Quantum of Solace on the PS2 was quite different from the PS3/360 version, and for some reason it did better in the eyes of the critics (how the hell did that happen?). In it, we played as Bond RE4-style, and more of the game was stealth based (unlike the PS3/360 version, it was an outright game over to fail stealth), and it gave us the Haitian docks, which has become one of my favorite GE007/Reloaded multiplayer maps. Sometimes the controls are a bit unresponsive, and sometimes the stealth is downright difficult (still not that difficult, though), but overall the game ain't bad.

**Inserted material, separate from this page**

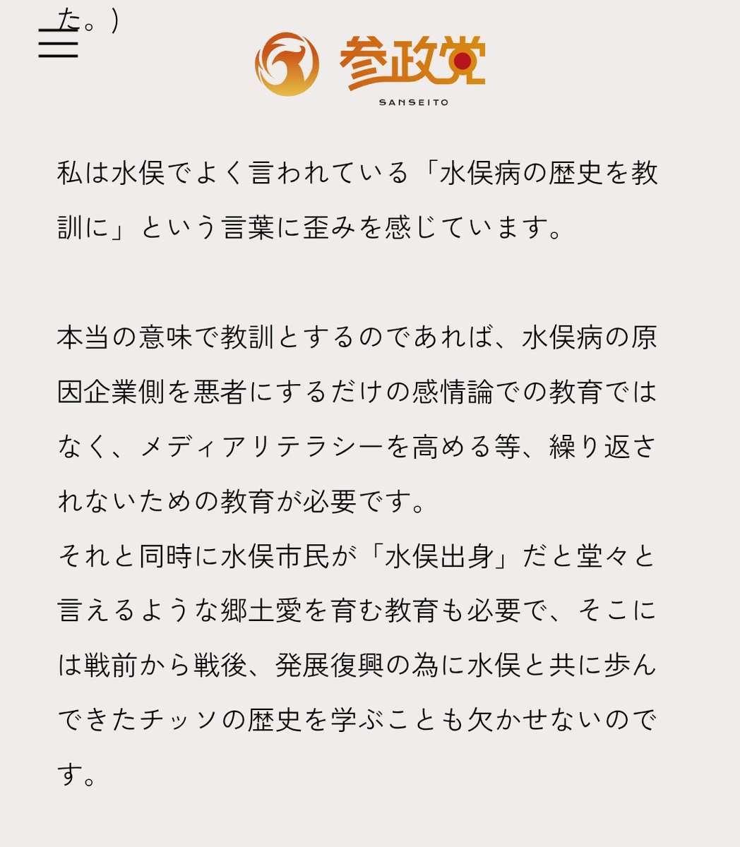 水俣市の参政党議員、まじで郷土愛のためにチッソを悪く言うのは止めようって言い出してて愕然とする。

Our final 3rd person outing today is Blood Stone, my favorite Bond game. Good controls, awesome melee attacks (my melee-to-gun ratio is very high) and a great Craig-era story, Blood Stone seems like it has it all. Well, it almost does. The only real problems here lie in the story itself. The PTS is a great little self-contained yarn, then we get into the real story and, even now, that's no problem. The problem comes halfway through the game, after Bond has stopped Pomerov's plane. Here the game seems to be over, Bond's finished off the bad guy and the world has been saved from a chemical weapons attack. After this, M tells Bond to come home, but he remembers that one loose plot thread that we all forgot about: an anonymous payphone call that started it all in the first place. This sends him to Asia, Bangkok and then Burma. There, he takes on Rak and his group of terrorists who somehow have access to military weaponry (does anyone in all the world's military check where their surplus has gone?). There, Rak tells Bond that even he wasn't behind everything, and yet another, shorter plot is begun, taking Bond back to Monaco, where he confronts Bond Girl Nicole Hunter, who is revealed to be the mastermind behind everything Bond's been up against - or is she? Because once her car is stopped and she's held at gunpoint, she admits that she's not even the one behind this, and we're left with a cliffhanger that will probably never be resolved because Blood Stone's developers have been put out of business, and I bet that Raven game won't ever see the light of day.
So, the point of all this was: we need more 3rd person games. Not because there are more 1st person ones, but because the 3rd person games are better. They put us in the role of Bond more because, unlike the 1st person games, they're not just running around the map shooting people. There's more story to them, and more Bond-ness to them.
I suspected activsion would be unable to match either payne or hitman this year in there output.